Update: The final count is 301 million, right in the middle of the 100 to 500 million estimate. See October 24, 2012 discussion https://climatediscovery.org/final-count-for-2011-drought-tree-kill-in-texas/
In a preliminary report, the Texas Forest Service says that 100 million to 500 million trees have been killed across Texas. A more detailed evaluation is due out in the spring. What was done this time was a survey of foresters and agriculture specialists across the state. What they found was that 2 to 10 percent of Texas’ trees have perished, not including trees killed by wildfire.
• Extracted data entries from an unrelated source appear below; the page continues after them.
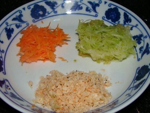 材料:胡萝卜丝,西葫芦丝,还有虾皮,(虾皮要先用热水泡一下,一是为是降低盐份,二是去沙等杂质),然后将这个材料切碎备用。
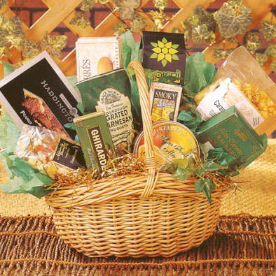 Sophisticated and irresistible. Family, friends and associates will welcome the arrival of this worldly arrangement full of choice gourmet favorites. Includes chocolate dipped hazelnut biscotti, "champagne bubbles", chocolate covered pretzels, gourmet cookies, cheese, crackers and other indulgent treats. A generous family or office gift for any occasion. (Medium Shown) |
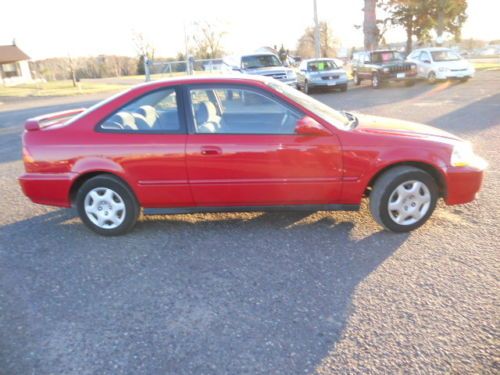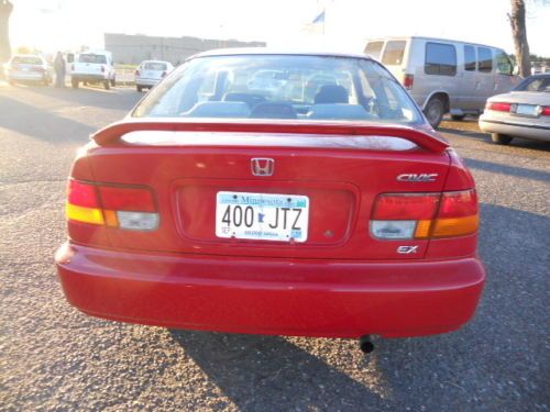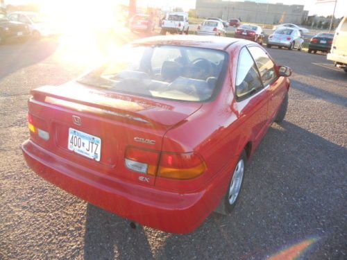 SELLING NO RESERVE! (Like all of our Ebay sales!) ....One owner 47000 actual MILES ,Perfect Honda Civic EX Coupe with 5 speed Manual. Never seen snow or salt and its as pretty a Civic Coupe as you will ever find! Factory Manuals and original Window Sticker is in Glove BOX! Shiny top and bottom with a pristine interior and engine compartment. Garaged and Rust free and one of the lowest mileage Civic EX coupes in the USA! NO EXCUSES HERE! Call Woody with any Questions; 651 303 7769
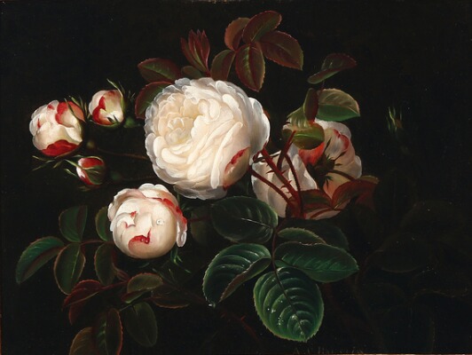 Blooming white roses with dewy leaves
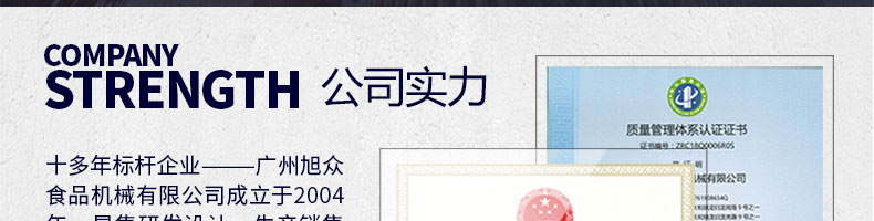 廣州旭眾食品機械有限公司是一家集科研開發(fā),生產(chǎn)設(shè)計,營銷服務(wù)為一體的現(xiàn)代化生產(chǎn)企業(yè)。現(xiàn)代化生產(chǎn)車間,精湛制造技術(shù),所產(chǎn)機械歷經(jīng)市場重重考驗,不斷贏得海內(nèi)外客戶的贊譽。
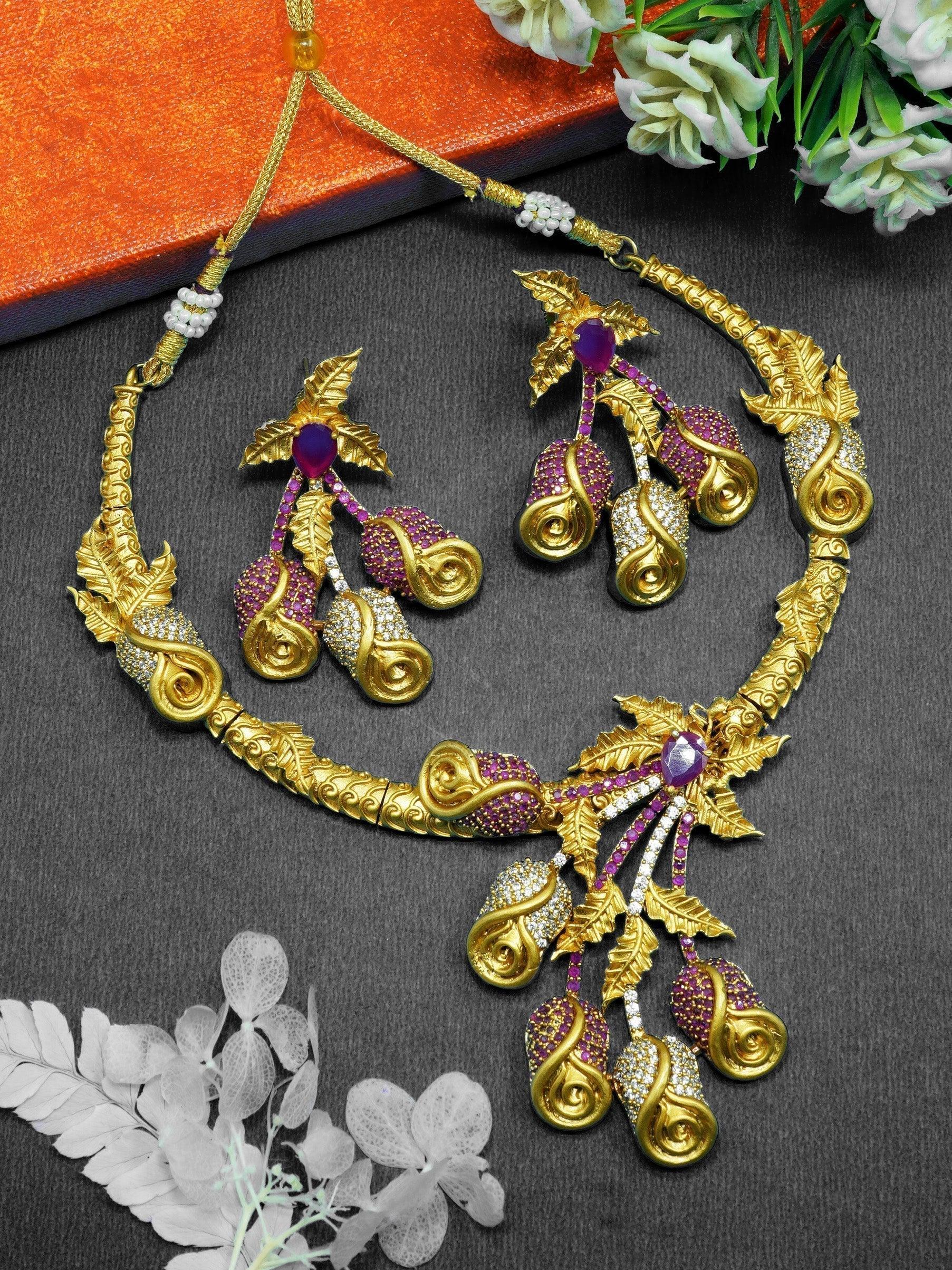 Rose design designer Necklace with pearls antique Necklace 9939N
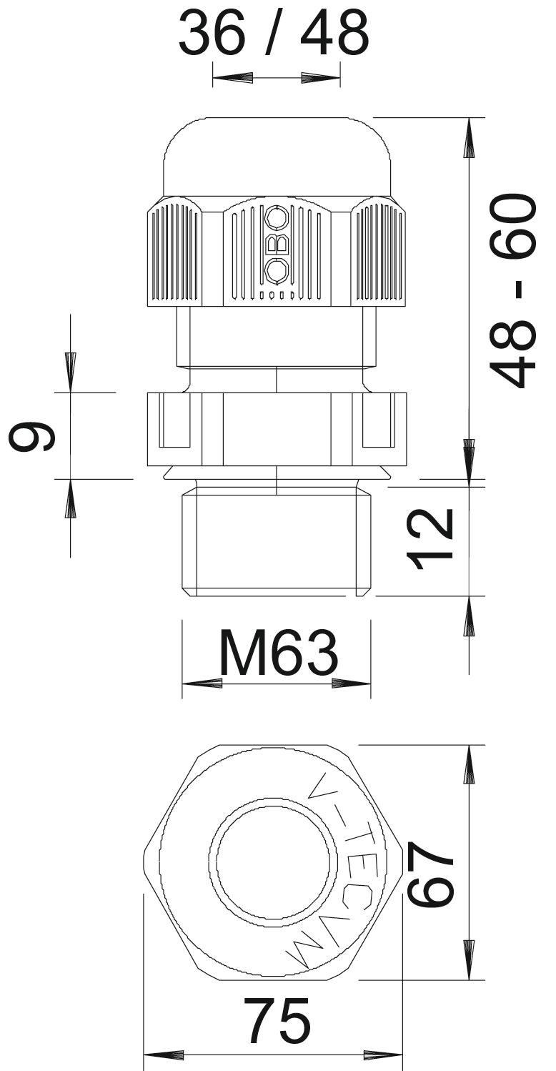 - Geschikt voor kabeldiameter: 32 - 42 mm
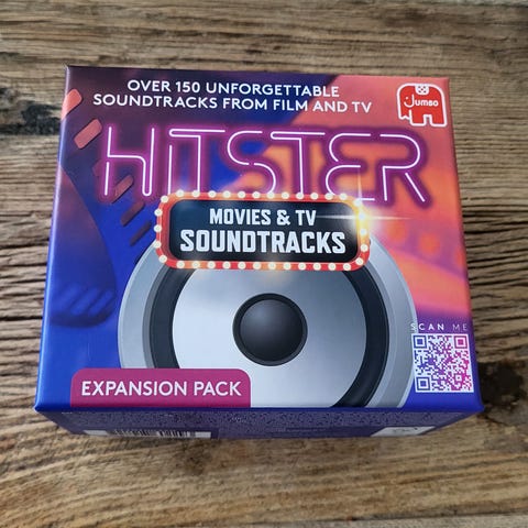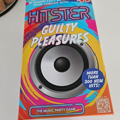 Hitster musiikkivisa lautapeli. Pelissä on kortteja ja QR-koodi, jonka avulla kuunnellaan kappaleita ja järjestetään ne aikajanalle. Sopii useamman pelaajan seurapeliksi, jossa testataan musiikkitietoutta ja kappaleiden julkaisuvuosia.
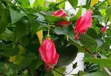 红萼苘麻是锦葵科、苘麻属常绿软木质灌木,叶绿色,长5-10厘米,心形,叶端尖,叶缘有钝锯齿,有时分裂,有细细的叶柄;叶互生,掌状叶脉;花单生于叶腋,具长梗,下垂;花萼红色,半套着大约4厘米长的花瓣,…全部>>
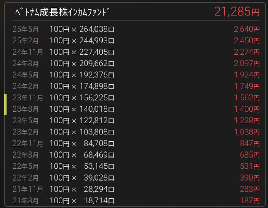 ベトナム上場企業の中でも、成長性が高く、かつ安定した配当を出す銘柄に厳選投資をしています。これにより、値上がり益とインカムゲインの両方を狙える構造となっています。

Worst hit of Texas’ 63 million acres of forested lands include parts of Caldwell and Bastrop counties southeast of Austin, parts of five counties to the north and west of Houston, including Harris County (the greater Houston area), and much of the forested area between Kerrville and Fredericksburg and the edge of the Central Texas forest west of Junction.
My own personal surveys and scouting for my film work extended from Houston to the edge of the forest west of Junction. These surveys were just windshield surveys, and the extremeness of the kill was about the same from Galveston Bay all the way to Fredericksburg. Beyond Fredericksburg westward, the kill was probably two or three times greater than east. I estimated 500 million trees killed along that east west line from Houston to Junction and 100 miles either side. Making a wild-assed-guess that 70 percent of this area is forested, and a few more than 20 drought killed trees per acre on average would yield a half billion trees.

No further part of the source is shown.